Printer-friendly versionPrinter-friendly version
Fall 2013

Ryan Raub (CAP)

Data integrity is basically the maintenance and assurance of the accuracy and consistency of data throughout its life-cycle. This aspect of data management is a key component of good archival system practices, and can have frightening consequences if omitted.

One of the scariest scenarios for an data archival system is corruption going un-noticed for a long period of time, perhaps longer than your backup recovery window. Imagine finding out that someone three years ago inadvertently opened up a published data file and changed one value. You have now unintentionally distributed this erroneous data to an unknowable quantity of users over the last three years. This is what we want to prevent, by adding assurances to the data you archive so that you can be sure it remains unchanged.

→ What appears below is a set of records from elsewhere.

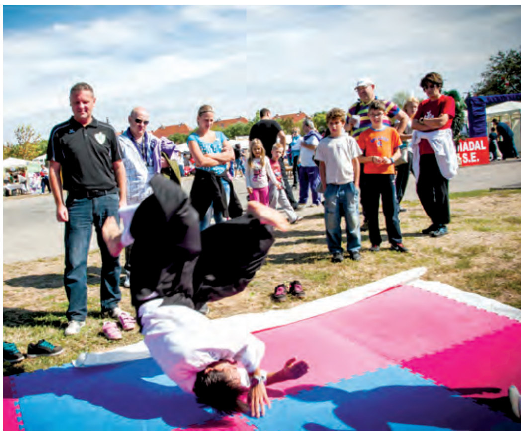
A Sportizelítőn mintegy 30 sportág képviselői tartanak majd bemutatót

Sportágak tömegből választhatnak azok, akik szeptember 22-én kilátogatnak a Bókay-kertbe. Délelőtt 10-től este 6-ig minden a sportról, a mozgásról, az egészségről szól e napon.
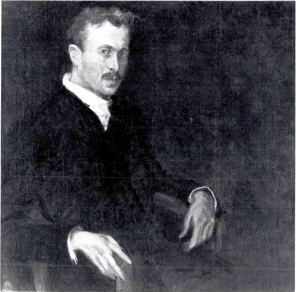
Max Oppenheimer, Bildnis Adolf Loos, 1906 (Leihgabe der Österreichischen Ludwig-Stiftung für Kunst und Wissenschaft, Wien)

Franz Helmer, Das zerbrochene Dach, 1987, Holzschnitt, 179 x 253 mm; Inv. Nr. H 301 (Leihgabe des Landes Tirol)
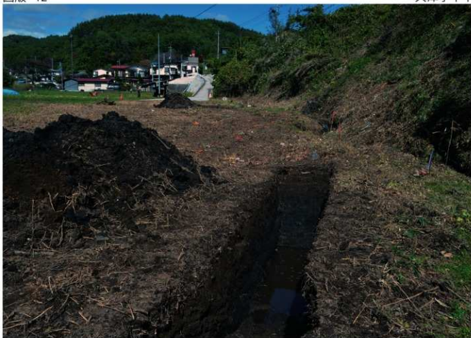
1. 大津字下平<1・2トレ> (南から)
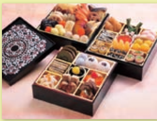
お重の意匠にもこだわり

本学の「奈良の食プロジェクト」とならコープは、おせち料理を共同開発しました。2010年12月から取り組んできたこの企画は、「奈良の食プロジェクト」が一段すべてを担当し、食材の産地見学から数多くの試作を重ねてきました。完成した「特選おせち三段重」は、地元奈良県産の食材をふんだんに使い、奈良にこだわったものとなっています。一つ一つのメニューの名前にもこだわり、「うりバーグ(なら漬け入りハンバーグ)」など、学生ならではの斬新なアイデアが詰まっています。
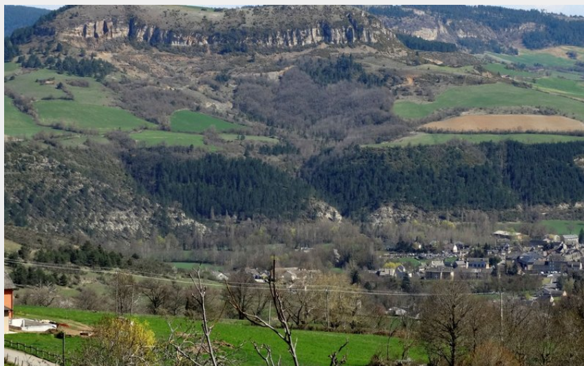
Le Truc de Saint-Bonnet

Data corruption could even occur with the file or operating system and it's up to your archival practices to discover any changes. You shouldn’t just rely on the file system for preservation of archival data; file systems are not perfect and do have a small percentage of problems. With the increasing volume of data, the occurrence of these problems increases proportionally. There are some file types that have some redundancy or checksums built into their format (e.g. zip or tar), however these redundancy features are only intended to answer the question "is this a valid file?" and not "has this file changed?".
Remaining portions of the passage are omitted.